Source: Thales, 2012 This part is entirely encrypted and controlled, contains all the applications, data and settings necessary for the user within the framework of his/her business activity:
Applications of all types: web browser, e‐mail client, viewers, note pads, telephony client, business applications, etc.
Documents, contact database, personal organizer, e‐mail archives, etc. The innovations developed by Thales enable TEOPAD to propose significant differentiators with respect to the other market solutions:
Flexibility in choosing the terminal: for a given OS, the solution may be deployed on most of the market terminals using this OS.
Flexibility in choosing the applications: for a given OS, most of the applications available on the market may be hosted and protected in the secure environment. This applies to native applications, as well as to third applications or applications developed by the company for its own needs.
Protection of the information in all its forms: information remains vulnerable when manipulated, transmitted or stored. Therefore, there is no use encrypting only e‐mails or telephony, as most of the current solutions offer to do so. TEOPAD allows to protect information in all its editing, viewing or exchanging contexts.

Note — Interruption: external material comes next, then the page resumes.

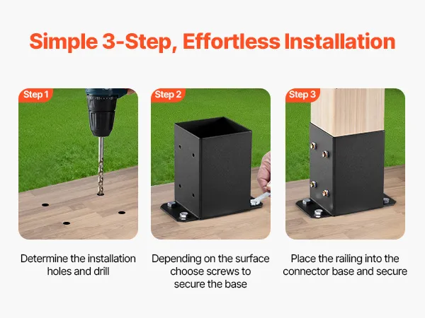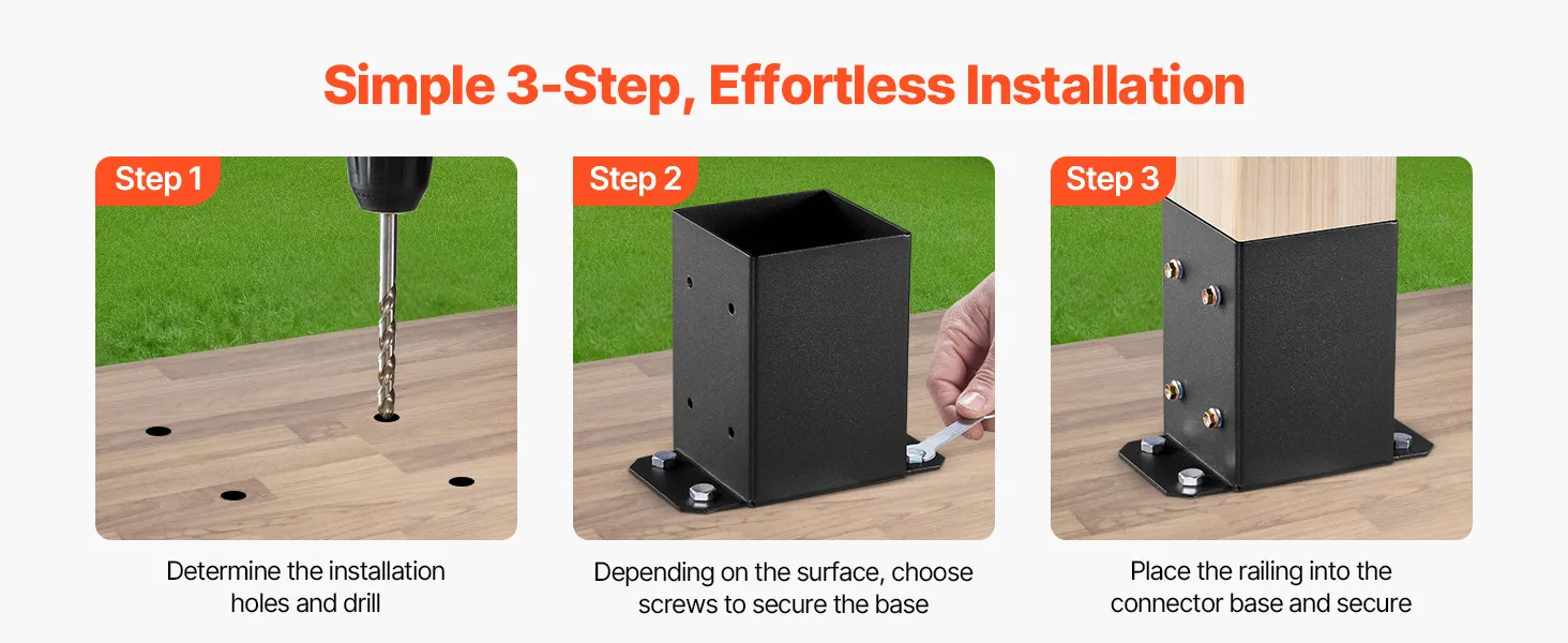 Using a power drill to create holes, our deck post base features screw holes for easy installation with screws, making assembly simple.
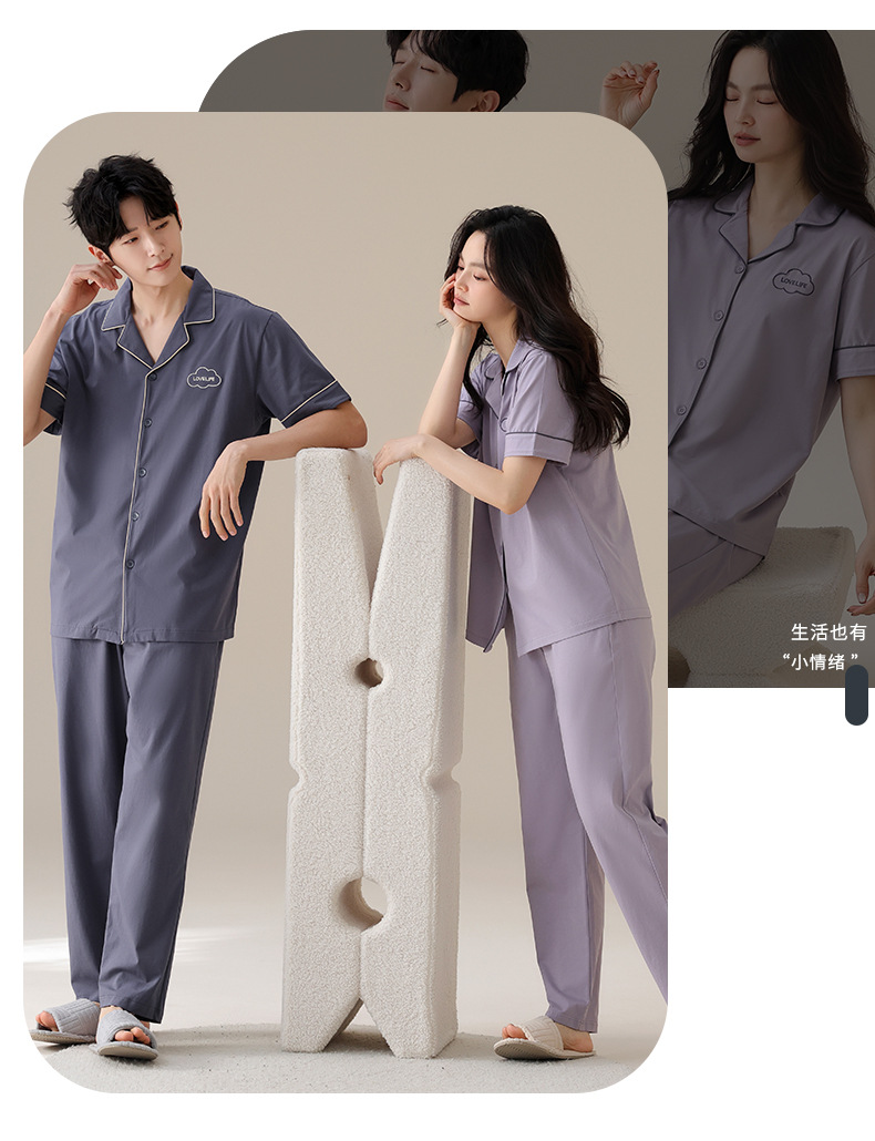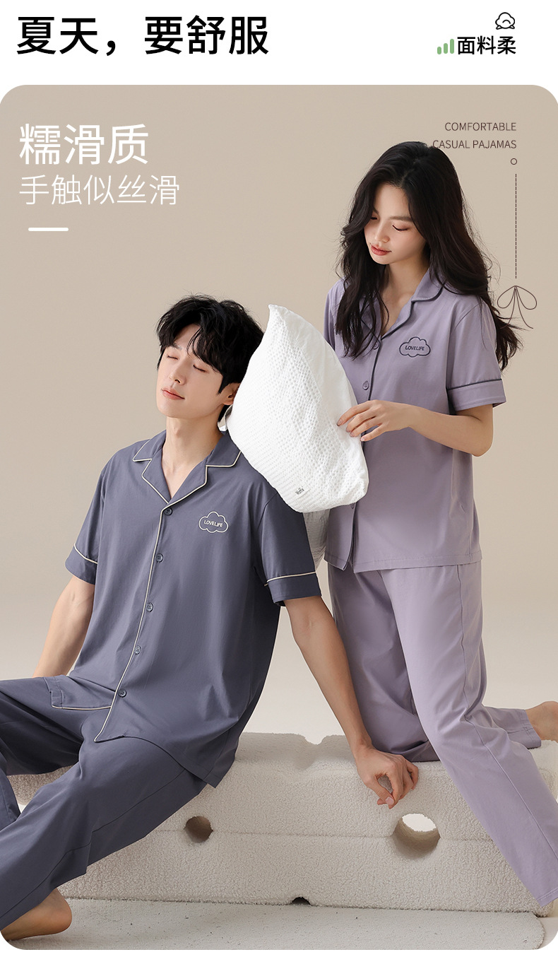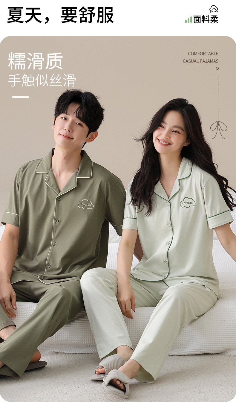 잠옷 커플의 봄과 여름 순면 반팔 바지 남자 카디건 얇은 여름 여성의 멋진 홈 의류 세트스토어 가기

Flexibility of the secure perimeter: thanks to "TEOPAD Market Place" the company can make any time new secure applications available for its employees. For instance, they can be adapted depending on the employees' missions or business trips. This flexibility enables the employee to travel in complete safety with a terminal, the content of which is strictly adapted to his/her needs. He/she can leave with a terminal with no professional context, the latter being downloaded securely once he/she has reached his/her destination.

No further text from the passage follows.